API docs are hosted via Github Pages at https://polaris.io. All updates to the main branch update the hosted docs.

The Polaris management API docs are found here

The Apache Iceberg REST API docs are found here

Docs are generated using Redocly. They can be regenerated by running the following commands from the project root directory

docker run -p 8080:80 -v ${PWD}:/spec docker.io/redocly/cli join spec/docs.yaml spec/polaris-management-service.yml spec/rest-catalog-open-api.yaml -o spec/index.yaml --prefix-components-with-info-prop title
docker run -p 8080:80 -v ${PWD}:/spec docker.io/redocly/cli build-docs spec/index.yaml --output=docs/index.html --config=spec/redocly.yaml

Setup

Requirements / Setup

  • Java JDK >= 21, see CONTRIBUTING.md.
  • Gradle - This is included in the project and can be run using ./gradlew in the project root.
  • Docker (Suggested Version: 27+) - If you want to run the project in a containerized environment or run integration tests.

Command-Line getting started

Polaris is a multi-module project with three modules:

  • polaris-core - The main Polaris entity definitions and core business logic
  • polaris-server - The Polaris REST API server
  • polaris-eclipselink - The Eclipselink implementation of the MetaStoreManager interface

Build the binary (first time may require installing new JDK version).

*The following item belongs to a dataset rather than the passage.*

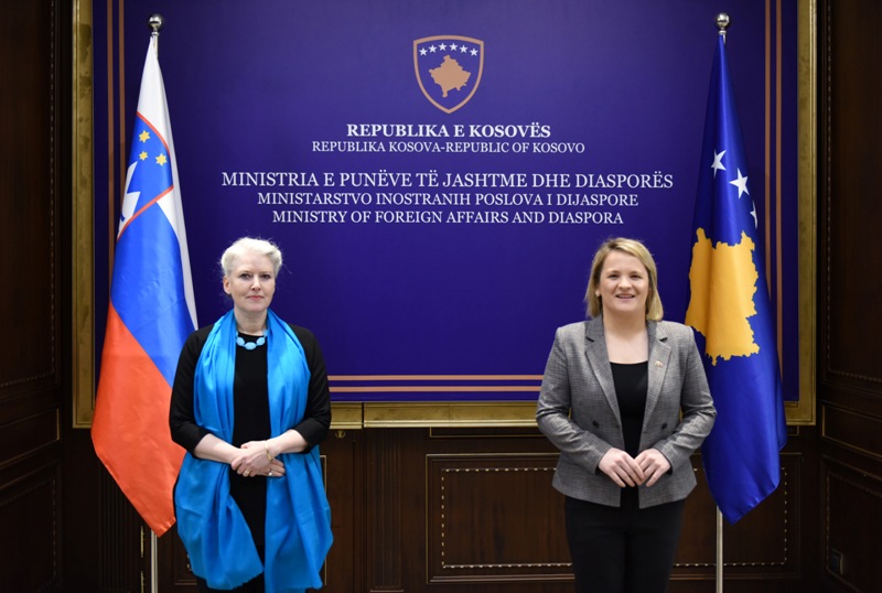 Zëvendësministrja e Punëve të Jashtme dhe Diasporës, Liza Gashi, ka pritur sot në një takim ambasadoren e Sllovenisë në Kosovë Minca Benedejčič. Në takim u bisedua për marrëdhëniet shumë të mira në mes të dy shteteve dhe për fushat në të cilat mund të forcohet bashkëpunimi. Poashtu, u diskutua mundësia e njohjes së patentë shoferëve të Republikës së Kosovës nga Republika e Sllovenisë.

This build will run IntegrationTests by default. Make sure docker is running, as the integration tests require a running docker daemon.

./gradlew build

To skip tests.

./gradlew assemble

Run the Polaris server locally on localhost:8181

./gradlew runApp

The server will start using the in-memory mode, and it will print its auto-generated credentials to STDOUT in a message like the following:

realm: default-realm root principal credentials: <id>:<secret>

These credentials can be used as "Client ID" and "Client Secret" in OAuth2 requests (e.g. the curl command below).

While the Polaris server is running, run regression tests, or end-to-end tests in another terminal

./regtests/run.sh

Docker Instructions

Build the image:

docker build -t localhost:5001/polaris:latest .

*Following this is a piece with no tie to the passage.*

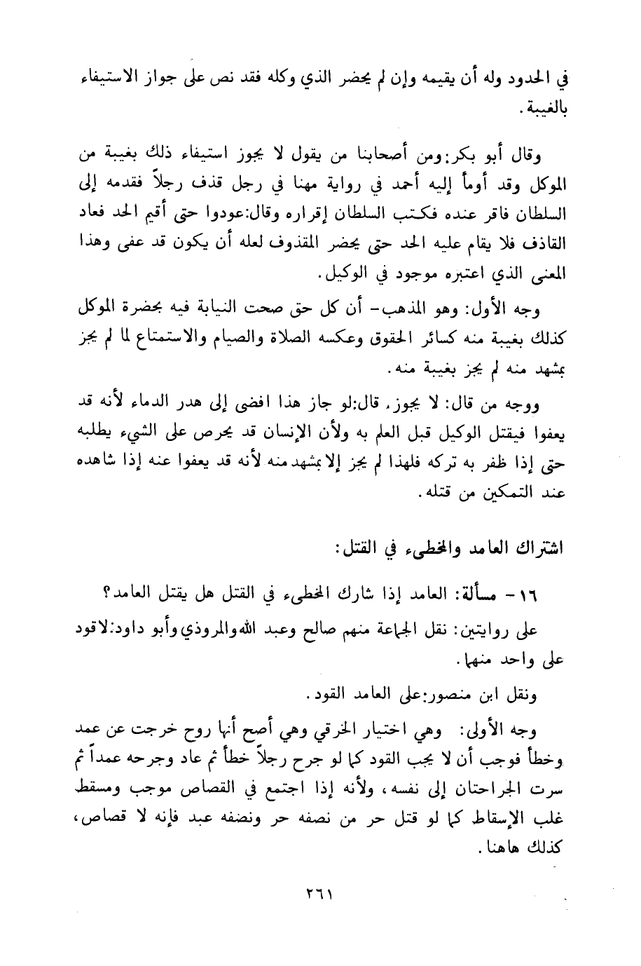 ووجه من قال: لا يجوز. قال: لو جاز هذا أفضى إلى هدر الدماء لأنه قد يعفوا فيقتل الوكيل قبل العلم به ولأن الإنسان قد يحرص على الشيء يطلبه حتى إذا ظفر به تركه فلهذا لم يجز إلا بمشهد منه لأنه قد يعفو عنه إذا شاهده عند التمكين من قتله.

Run it in a standalone mode. This runs a single container that binds the container's port 8181 to localhosts 8181:

docker run -p 8181:8181 localhost:5001/polaris:latest

Running the tests

Unit and Integration tests

Unit and integration tests are run using gradle. To run all tests, use the following command:

./gradlew test

Regression tests

Regression tests, or functional tests, are stored in the regtests directory. They can be executed in a docker environment by using the docker-compose.yml file in the project root.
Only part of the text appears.